Recreating authentic dishes with “mom’s ingredients” is not an easy goal, so the Pham sisters focused heavily on sourcing and chef collaboration and spent over a year in research and development of the recipes.

The sisters teamed up with three chefs — Jimmy Ly of Madame Vo, Nicole Ponseca of Jeepney and Chat and Ohm Suansilphong of Fish Cheeks — to create the first line of products. The chefs will get a tiered royalty on sales depending on volume.

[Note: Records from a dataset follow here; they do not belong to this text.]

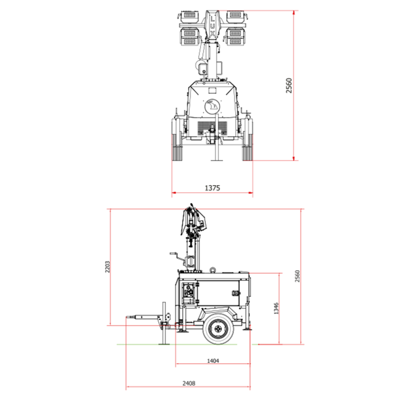 La torre faro LUXTOWER LUX M12 è composta da un gruppo elettrogeno monofase da 3,5 KVA dotato di motore Kubota Z482 alimentato a diesel a 1500 giri/min e cofanatura insonorizzante che lo rende supersilenziato.
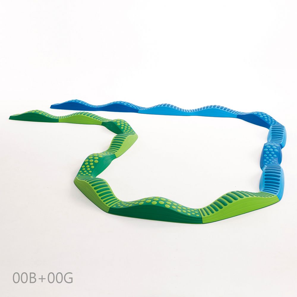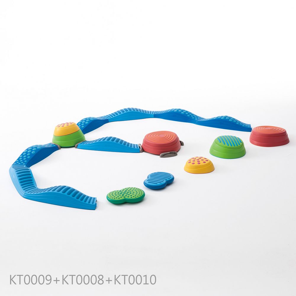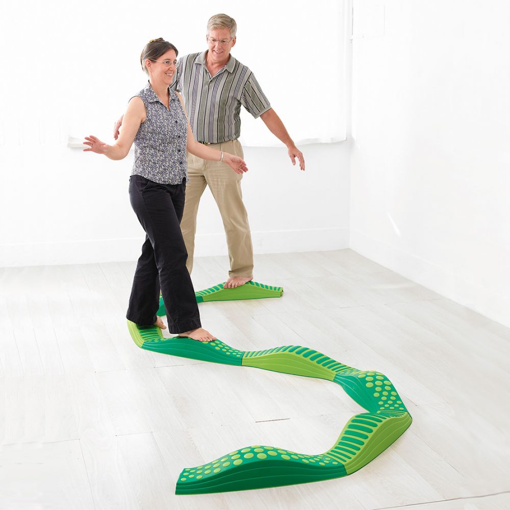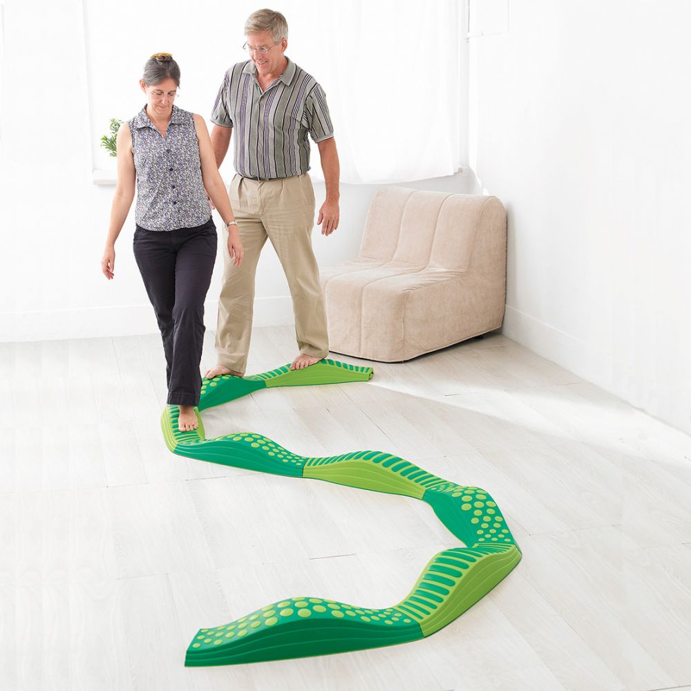 彷彿鄉間小道,組合多元化,提供循環、繞圈行走,幫助銀髮族身體重心。不同弧度讓腳板感受坡度變化,凸起紋路提供和緩的腳底觸覺刺激。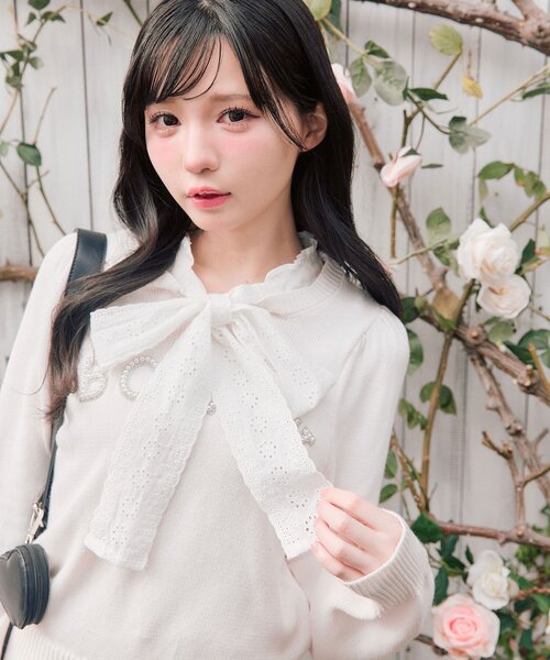大きなレースリボンが主役級にかわいいニット■デザイン・存在感のあるコットンレースリボンときらきらロゴがポイントのガーリーデザイン。・リボンは取り外し可能で、気分に合わせてシンプルでも着用していただけます。・さらっと着れるニット素材なので、インナーやアウターを変えればロングシーズン活躍します。・インしなくてもバランスがとりやすい丈感で、ボトムを選ばず着映えします。■カラー・オフ/ピンク/チャコール/ネイビーの4色展開■スタイリング・ミニスカートを合わせて韓国ガーリーなコーデがおすすめ。・デニムパンツなどカジュアルアイテムとの相性も◎・コンパクトなサイズ感なので上にアウターも羽織りやすいです。-----------------------------裏地:なし光沢感:なし透け感:なし伸縮性:あり手洗い:可能タンブラー乾燥:不可アイロン:110℃まで-----------------------------model:161cm※着用、お取り扱いの際は、商品についている品質表示とアテンションタグを必ずご確認下さい。※ご覧のモニター環境や撮影環境により実際の商品と多少色味が異なって見える場合がございます。ご理解の程よろしくお願いいたします。※引っかけ注意・粗い組織のものや、表面に凹凸があってルーズな組織のもの表面に糸が浮き出ているものは、ちょっとした不注意から引っかけてしまいがちです。取り扱いの際は取り扱い絵表示確認の上、十分注意してください。・着用時にベルトや、バックや周囲の壁など表面の粗いものとの摩擦や引っかかりに注意してください。・水洗いやクリーニングの際にも他の物ものとの引っかかりに注意して下さい。■お気に入り登録のおすすめ【気になるアイテムを登録】ハートをクリックしてお気に入りに登録すると完売カラーの再入荷やラスト1点の通知、セールの通知を受けとることができます。【ブランドを登録】新商品や再入荷、セール通知など、いち早くブランドの情報を受けとることができます。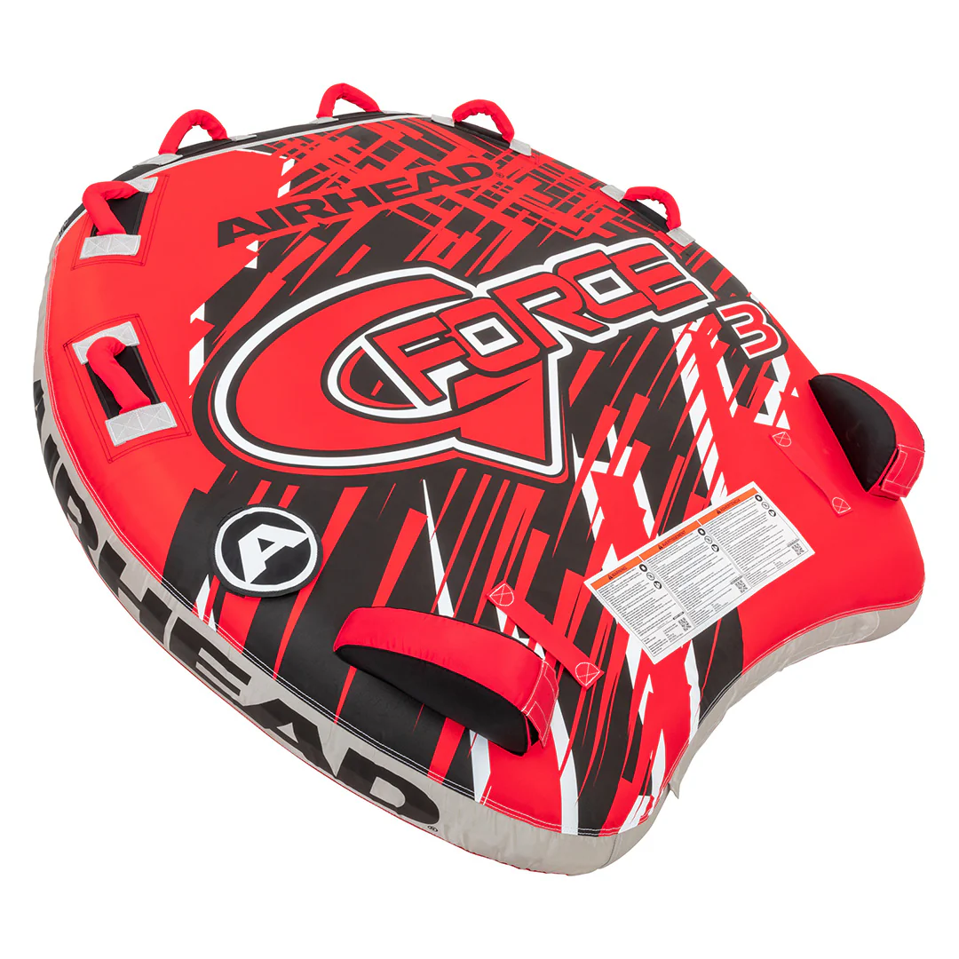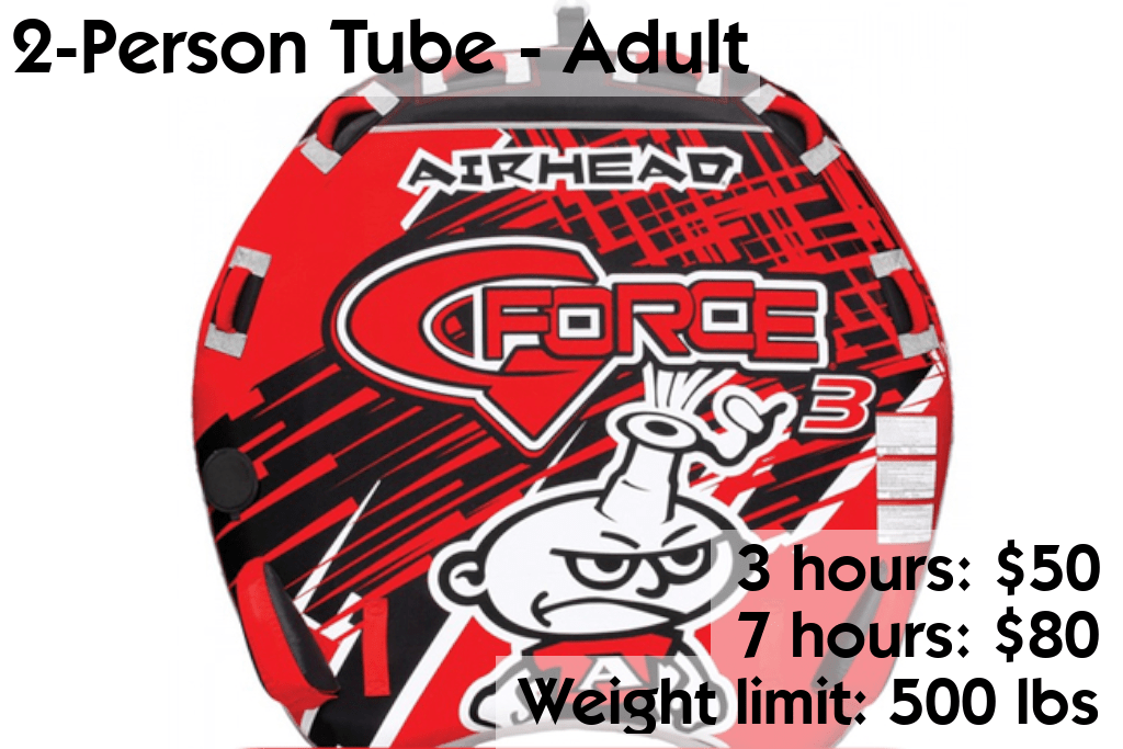 G-Force is a 1-3 Person Towable Deck Tube ready to rent. The Airhead G-Force 3 is a must rent accessory to go with your Lake Wallenpaupack boat rental. This tube is one of our most popular rented tubs as its innovative shape and bolster fins help to keep the riders on board. Lie down and grab onto the nylon-wrapped handles and enjoy the ride! We recommend using this as a 2 person tube, but it can accommodate up to 3. This tube has a 500lb weight limit.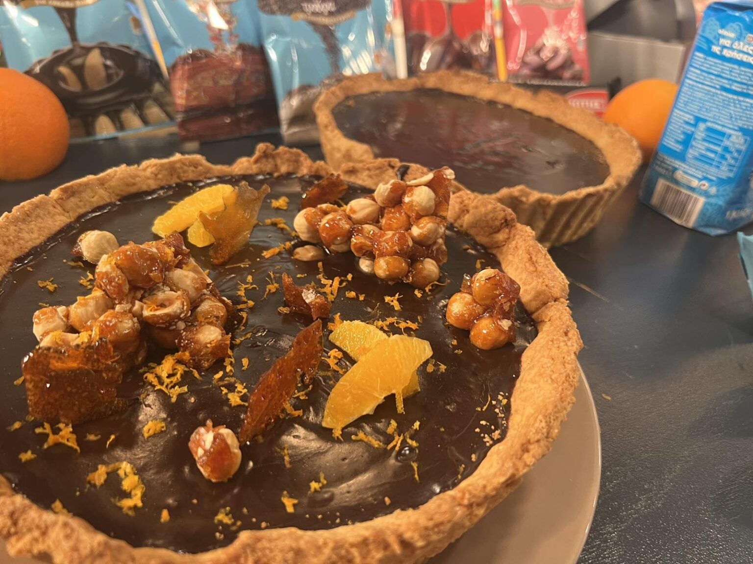 • Βγάζουμε την τάρτα από το ψυγείο και γαρνίρουμε από πάνω με το κροκάν φουντουκιού.

“We made sure our ingredients, 90% of them, are unique to Asian food products and sourced directly from Asia,” said Vanessa. “We bent over backwards to get just the right kind of chili.”

But beyond authenticity, the Pham sisters also had another misconception to overcome: the oily and processed reputation of Americanized international dishes, like your favorite Chinese orange chicken takeout or a creamy bowl of butter chicken.

These flagship dishes that are so often associated with those cultures are often multitudes unhealthier than what an immigrant family within, say, the Indian culture, might serve on a day to day basis. Omsom flips that by offering dishes that have no preservatives, no high-fructose corn syrup, and are shelf stable for up to a year. It’s “acceptable for users trying to be generally health conscious, in line with something you would find at Whole Foods.”

Now, the Pham sisters just need to see if they can deliver on the promise of providing uncompromising dishes amid a pandemic. They think it will be a welcomed change for people stuck at home and looking to experiment with cooking.

“We grew up south of Boston in a predominantly white suburb and there was a bit of shame associated with our food,” said Kim Pham. “But as I went through the process of stepping into myself as a woman of color, I started to use food as the first stop in engaging with my identity.”

“I moved away from home, I don’t speak Vietnamese as I used to, but I turned to food,” she continued. “Even if it was a bowl of pho.”